Coinbase suspended trading on that particular cryptocurrency.  It is only one of over 2,500 different currencies.

Coinbase said that they saw about 88,000 Ethereum coins being double spent, worth about $460,000, but I saw other reports that said the attack is ongoing and the numbers were much larger.  Source: Coindesk.

Weather Channel (App) Caught Selling User Data Without Permission

The Weather Channel collected user location data under the guise of telling you what the weather is where you are, but in fact, was selling that location data.  The City of Los Angeles is suing them over the misrepresentation.

The NY Times article said that they also sold the data for targeted marketing and to hedge funds for gathering consumer preference information.  The Weather Channel is owned by IBM.

Amazon’s Ring Video Camera Allow Employees in Ukraine Unrestricted Access to All Videos

Let me start by saying that an Amazon spokesperson says that this is not the case, but the Intercept says that multiple former employees say that Ring has given R&D employees in Ukraine unrestricted access to all videos, including those from inside your home to employees, executives and engineers.  The videos are not encrypted because, they say,  that would make the company less valuable.
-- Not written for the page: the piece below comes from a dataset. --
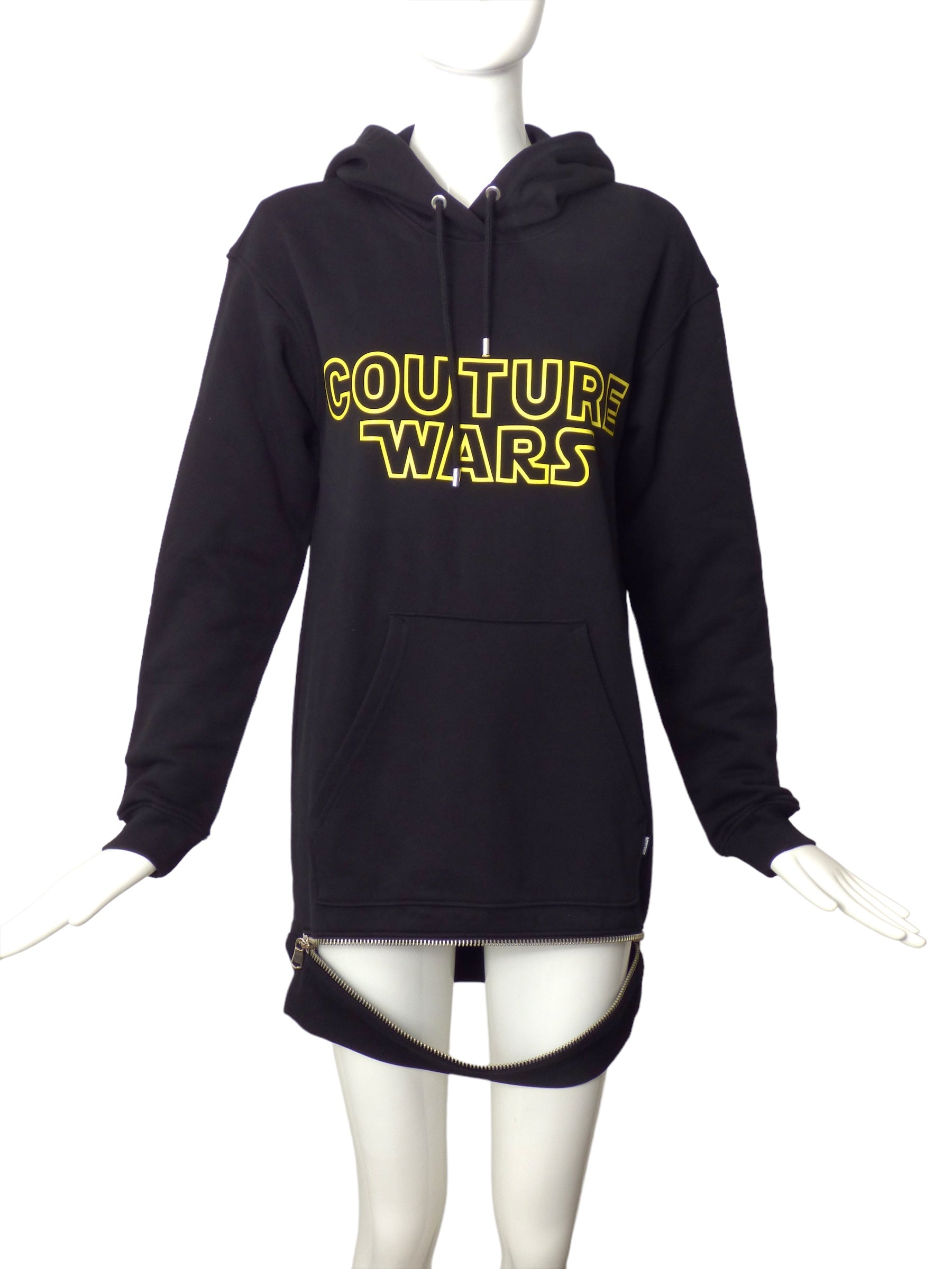 Description: Step into the future of fashion with our "Couture Wars" sweatshirt dress, designed to bring out your intergalactic chic. This trendy dress features a comfortable hoodie, a convenient front pocket, and a unique zipper around the bottom that allows you to remove the waistband for a customizable fit. With the original store tags still attached, you can be sure that you're getting a brand new, high-quality piece that will make heads turn wherever you go. Embrace your inner fashionista and make a statement with this stylish and versatile sweatshirt dress.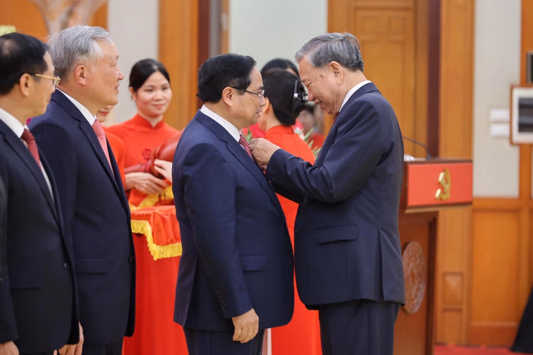 Tại buổi lễ, thay mặt lãnh đạo Đảng, Nhà nước, Tổng Bí thư Tô Lâm đã trao Huân chương Quân công hạng nhất và trao Huy hiệu 40 năm tuổi Đảng tặng đồng chí Phạm Minh Chính, Ủy viên Bộ Chính trị khóa XIII, Thủ tướng Chính phủ.

A Ring spokesperson refused to answer questions about their data security practices but offered a written statement that says that they have strict policies in place for all employees.

After the article was published, Ring tried to do some damage control by still not answering questions, but issuing another email saying “Ring employees never have and never did provide employees with access to livestreams of their Ring devices,” a claim contradicted by multiple sources.

I have a Ring device and was considering buying more.  Not anymore.  Looking for a competitor.

One more time, caveat emptor.  Source:  The Intercept.